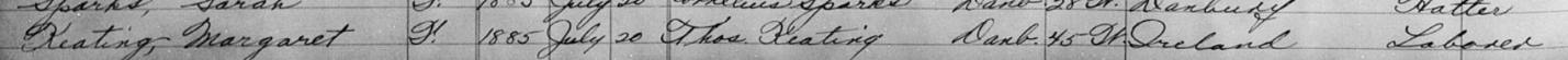 I can’t say with any certainty the birth record of the James Keating below is the James Keating referenced in the article above. However, this is only James Keating I could find in the birth records in Danbury who would have been around the same age as one of Michael J Keating’s children.
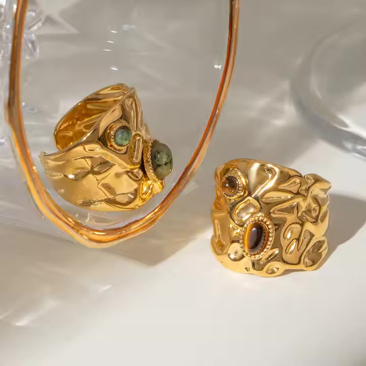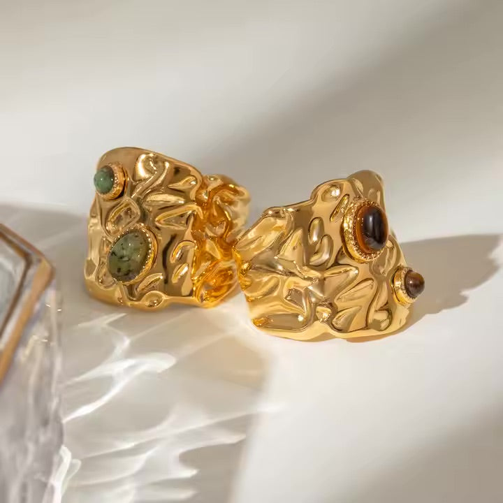Add some playful luxury to your jewelry collection with our Hammered Horizon Ring. Made from stainless steel and coated in 18K gold, this unique ring features a round oval tiger eye and a hammered design for added flair. Perfect for any occasion, this ring is sure to make a statement!
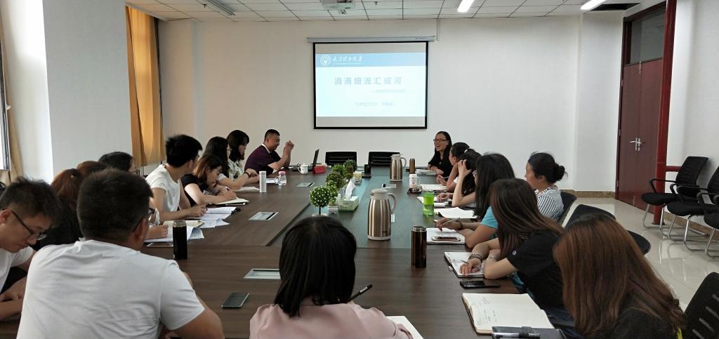 5月17日,郭飞辅导员工作室特邀公司2017年辅导员年度人物、数学学院学工办主任钟明涛就“如何增强辅导员职业能力”进行专题讲座,软件公司党委副书记闫新、学工办主任郭飞和全体辅导员在学院三层会议室一同参加学习。
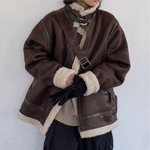 여사친 캐주얼 빈티지 가을 터틀넥 자켓 상의 코트 따뜻한 무스탕 초 OP3
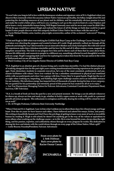 "It won't take you long to fall in love with the homespun wisdom and signature voice of H.A. Eaglehart when you discover that crossroads where his uncanny inborn Native American spirituality, his folksy insight about life and protecting the dwindling resources of our planet and its children, and his remarkably obvious passion to teach and make the world a better place, will leave you wanting to curl up on the couch in front of a cozy fireplace and get to know a truly remarkable human being. Will Rogers famously once said he never met a man he didn't like. I'll bet the guy would have adored Hugh and realized the future of all the things we hold dear could be in good hands if more people discover what this uniquely brilliant Urban Native has to share with the rest of us." - Travis Michael Holder; actor, teacher, playwright, screenwriter, author of the acclaimed "auto-novel" Waiting for Walk
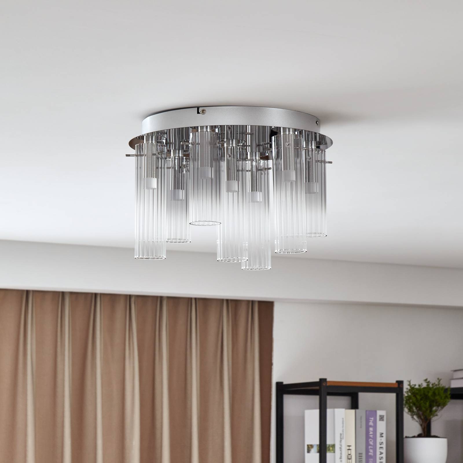 Lucande Stropní svítidlo LED Korvitha, 7 světel, šedá, sklo, Obývací pokoj / jídelna, Sklo, hliník, 25.9W, K: 26.5cm
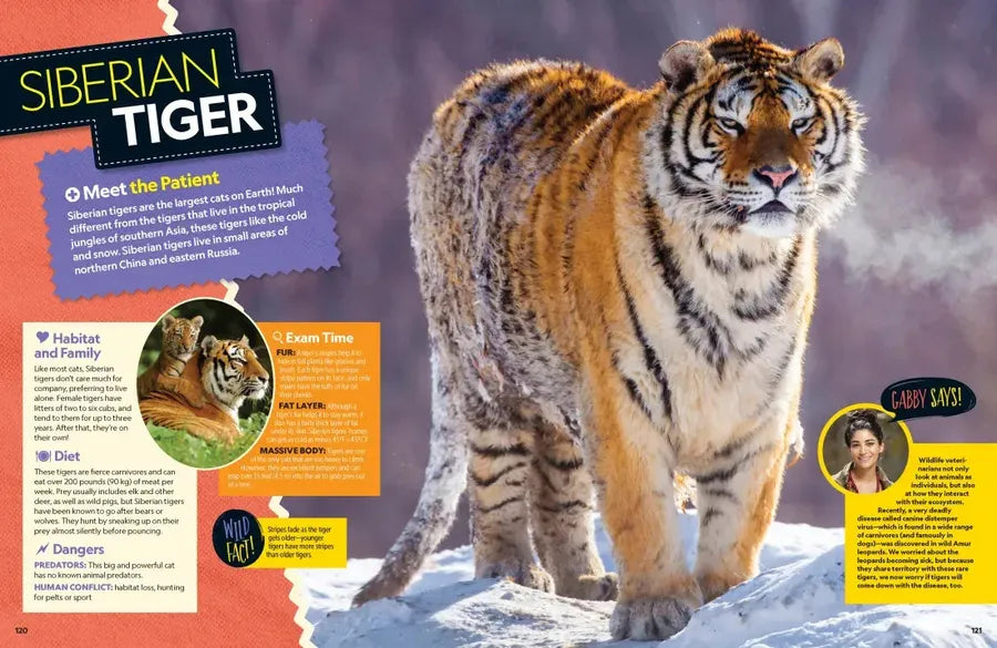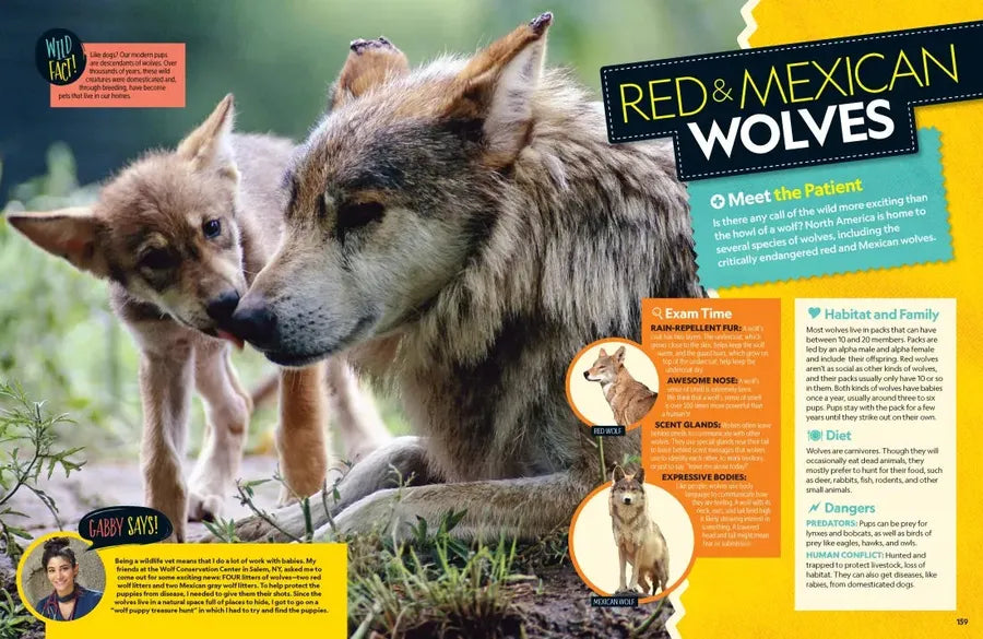 Travel the continents to meet some of Earth's most incredible critters through the eyes of a windblown, adventurous wildlife veterinarian. Join Dr. Gabby Wild as she performs dental work on a jaguar, teaches a baby bird to fend for itself, and gives a chimp a checkup. Learn about animal anatomy and behaviors, diets, families, and the dangers they face in the wild. Get up close--and we do mean CLOSE--to more than 80 animals that are both familiar and not so familiar, including regal lions, playful pandas, fearsome Gila monters, and creepy tarantulas. Examine world maps to learn about amphibians, wild cats, and primates across the globe. Read about some special human-animal relationships as well as challenges that arise when they share a habitat. Then learn how people are working to save and protect endangered species. And for your final thrill, find out how YOU can become a wildlife vet, too!

→ **Assignment**:
Please reproduce the whole listing exactly; the pictures stay out.

→ **Answer for this exercise**:
 I can’t say with any certainty the birth record of the James Keating below is the James Keating referenced in the article above. However, this is only James Keating I could find in the birth records in Danbury who would have been around the same age as one of Michael J Keating’s children.
Add some playful luxury to your jewelry collection with our Hammered Horizon Ring. Made from stainless steel and coated in 18K gold, this unique ring features a round oval tiger eye and a hammered design for added flair. Perfect for any occasion, this ring is sure to make a statement!
 5月17日,郭飞辅导员工作室特邀公司2017年辅导员年度人物、数学学院学工办主任钟明涛就“如何增强辅导员职业能力”进行专题讲座,软件公司党委副书记闫新、学工办主任郭飞和全体辅导员在学院三层会议室一同参加学习。
 여사친 캐주얼 빈티지 가을 터틀넥 자켓 상의 코트 따뜻한 무스탕 초 OP3
 "It won't take you long to fall in love with the homespun wisdom and signature voice of H.A. Eaglehart when you discover that crossroads where his uncanny inborn Native American spirituality, his folksy insight about life and protecting the dwindling resources of our planet and its children, and his remarkably obvious passion to teach and make the world a better place, will leave you wanting to curl up on the couch in front of a cozy fireplace and get to know a truly remarkable human being. Will Rogers famously once said he never met a man he didn't like. I'll bet the guy would have adored Hugh and realized the future of all the things we hold dear could be in good hands if more people discover what this uniquely brilliant Urban Native has to share with the rest of us." - Travis Michael Holder; actor, teacher, playwright, screenwriter, author of the acclaimed "auto-novel" Waiting for Walk
 Lucande Stropní svítidlo LED Korvitha, 7 světel, šedá, sklo, Obývací pokoj / jídelna, Sklo, hliník, 25.9W, K: 26.5cm
 Travel the continents to meet some of Earth's most incredible critters through the eyes of a windblown, adventurous wildlife veterinarian. Join Dr. Gabby Wild as she performs dental work on a jaguar, teaches a baby bird to fend for itself, and gives a chimp a checkup. Learn about animal anatomy and behaviors, diets, families, and the dangers they face in the wild. Get up close--and we do mean CLOSE--to more than 80 animals that are both familiar and not so familiar, including regal lions, playful pandas, fearsome Gila monters, and creepy tarantulas. Examine world maps to learn about amphibians, wild cats, and primates across the globe. Read about some special human-animal relationships as well as challenges that arise when they share a habitat. Then learn how people are working to save and protect endangered species. And for your final thrill, find out how YOU can become a wildlife vet, too!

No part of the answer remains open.